As Heth’s troops advanced to Marsh Creek they encountered the cavalry videttes or pickets of the 8th Illinois Cavalry posted on the high ground just east of the creek. [17] The discovery of these forces was unanticipated by the Confederates leading the column. One of Pegram’s gunners recalled: “We moved forward leisurely smoking and chatting as we rode along, not dreaming of the proximity of the enemy.” [18] Most assumed that the movement “was simply one more part of the army’s concentration of forces” and Brockenbrough told the commander of the 55th Virginia that “we might meet some of Ewell’s command or Stuarts.” [19] Pettigrew had attempted to warn Archer prior to the march of the topography of the area and “a certain road which the Yankees might use to hit his flank, and the dangers of McPherson’s Ridge. Archer listened, believed not, marched on unprepared…” [20] Heth, who should have better anticipated the situation based on Pettigrew’s reports of the previous day demonstrated why one author called him “an intellectual lightweight.” [21] Heth told an officer from the Army of the Potomac after the war “I did not know any of your people were north of the Potomac.” [22]

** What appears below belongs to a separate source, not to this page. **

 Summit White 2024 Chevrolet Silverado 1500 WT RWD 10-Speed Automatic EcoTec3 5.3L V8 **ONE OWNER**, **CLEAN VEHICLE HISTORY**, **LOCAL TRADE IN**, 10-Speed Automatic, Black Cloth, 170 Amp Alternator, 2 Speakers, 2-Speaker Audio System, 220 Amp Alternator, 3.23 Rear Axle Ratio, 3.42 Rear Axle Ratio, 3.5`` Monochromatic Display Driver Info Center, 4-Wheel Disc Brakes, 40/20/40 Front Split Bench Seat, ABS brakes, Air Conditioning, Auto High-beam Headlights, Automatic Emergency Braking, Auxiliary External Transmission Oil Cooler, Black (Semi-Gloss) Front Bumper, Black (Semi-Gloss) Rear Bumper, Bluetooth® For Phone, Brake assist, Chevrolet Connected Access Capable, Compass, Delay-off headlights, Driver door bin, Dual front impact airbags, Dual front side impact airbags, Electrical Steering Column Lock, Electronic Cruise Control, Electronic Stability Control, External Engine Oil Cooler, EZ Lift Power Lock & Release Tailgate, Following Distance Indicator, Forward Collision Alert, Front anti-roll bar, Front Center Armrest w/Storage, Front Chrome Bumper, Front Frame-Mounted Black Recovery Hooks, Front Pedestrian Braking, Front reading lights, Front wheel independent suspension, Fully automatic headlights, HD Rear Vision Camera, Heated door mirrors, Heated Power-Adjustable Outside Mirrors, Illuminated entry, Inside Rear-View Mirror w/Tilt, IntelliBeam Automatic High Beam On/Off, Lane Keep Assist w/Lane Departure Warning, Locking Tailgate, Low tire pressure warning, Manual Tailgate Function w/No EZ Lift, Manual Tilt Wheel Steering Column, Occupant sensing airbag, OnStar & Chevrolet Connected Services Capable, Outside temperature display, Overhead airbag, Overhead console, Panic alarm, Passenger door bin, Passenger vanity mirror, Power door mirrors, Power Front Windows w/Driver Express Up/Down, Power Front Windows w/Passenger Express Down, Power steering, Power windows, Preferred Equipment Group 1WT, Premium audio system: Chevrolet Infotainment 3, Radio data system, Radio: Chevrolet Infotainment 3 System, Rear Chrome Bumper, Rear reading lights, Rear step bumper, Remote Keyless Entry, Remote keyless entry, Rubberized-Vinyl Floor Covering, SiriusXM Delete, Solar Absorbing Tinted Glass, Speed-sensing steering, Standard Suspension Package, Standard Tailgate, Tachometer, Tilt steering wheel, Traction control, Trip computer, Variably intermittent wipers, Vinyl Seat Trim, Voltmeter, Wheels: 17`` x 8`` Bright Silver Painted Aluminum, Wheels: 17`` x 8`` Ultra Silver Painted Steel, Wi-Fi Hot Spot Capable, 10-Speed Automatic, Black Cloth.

If Heth was inexperienced and knew little of the Federal forces arrayed before him and what forces were moving towards Gettysburg, his opponent, Brigadier General John Buford was his opposite in nearly every respect. Buford was born in Kentucky and came from a long line of family who had fought in both the Revolutionary War and War of 1812. He was an 1848 graduate of West Point who was commissioned in the Dragoons but too late to serve in Mexico. Instead he served on the Great Plains against the Sioux and on peacekeeping duty in the bitterly divided State if Kansas. Later he served in the Utah War in 1858. His family held Southern sympathies; his father was a Democrat who had opposed Abraham Lincoln.

buford

At the beginning of the war, the governor of Kentucky offered Buford a commission in that states’ militia. At the time Kentucky was still an “undeclared border slave state” and Buford loyal to his oath refused and wrote later “I sent him word that I was a Captain in the United States Army and I intend to remain one.” [23] However his southern ties kept him from field command until the politically well connected by ill-fated, Major General John Pope “could unreservedly vouch for his loyalty wrangled for him command of a brigade of cavalry.” [24] After Pope’s defeat at Second Bull Run in August 1862 Buford returned to staff duties until January 1863 when he was again given a brigade.

Buford was passed over by Hooker for command of the new cavalry corps in favor of Alfred Pleasanton who was eleven days his senior when Hooker reorganized the army before Chancellorsville. In later years Hooker agreed that Buford “would have been a better man for the position of chief” [25] for the Cavalry Corps, but in retrospect Buford’s passover for corps command was good fortune for the Army of the Potomac on June 30th and July 1st 1863. Despite being passed over, Buford a consummate professional, fought well at Brandy Station for which he was recommended for promotion and command of his division. [26]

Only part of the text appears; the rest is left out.